Stored records
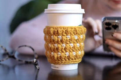 The Revel Coffee Cup Cozy .pdf Pattern includes:
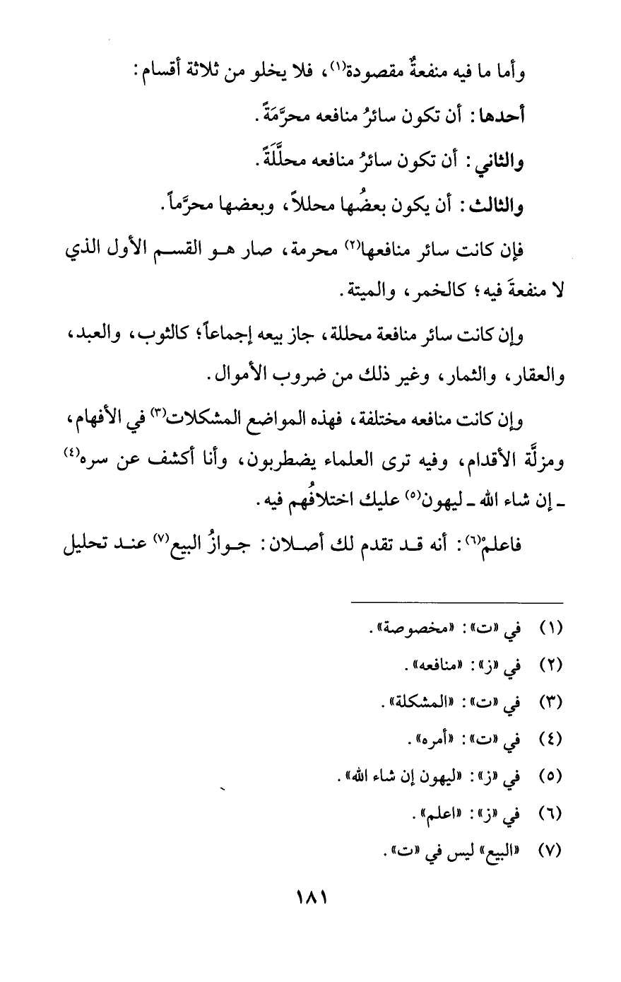 وإن كانت منافعه مختلفة، فهذه المواضع المشكلات (¬3) في الأفهام، ومزلَّة الأقدام، وفيه ترى العلماء يضطربون، وأنا أكشف عن سره (¬4) -إن شاء اللَّه- ليهون (¬5) عليك اختلافُهم فيه.
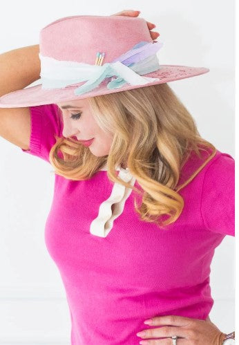 The Bubble Short Sleeve on Par Polo Sweater in Bright Pink White
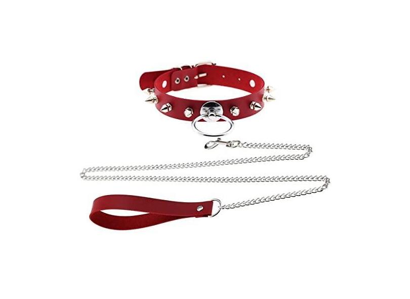 Caiyao Gargantilha de rebites punk corrente de transporte colar de couro PU anel de metal colar gótico boate coleira gótica cintos tamanho ajustável, Metal, couro
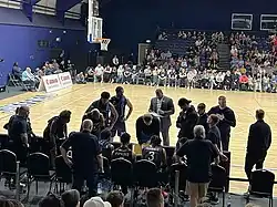 Sharks players and support staff during a time-out in a game against the Leicester Sharks in May 2024

**Prompt**
With the pictures omitted, restate word for word the lines above from the line that has "The Bubble Short" up to and including the line that has "Caiyao Gargantilha de", and no other lines.

**Exercise result**
 The Bubble Short Sleeve on Par Polo Sweater in Bright Pink White
 Caiyao Gargantilha de rebites punk corrente de transporte colar de couro PU anel de metal colar gótico boate coleira gótica cintos tamanho ajustável, Metal, couro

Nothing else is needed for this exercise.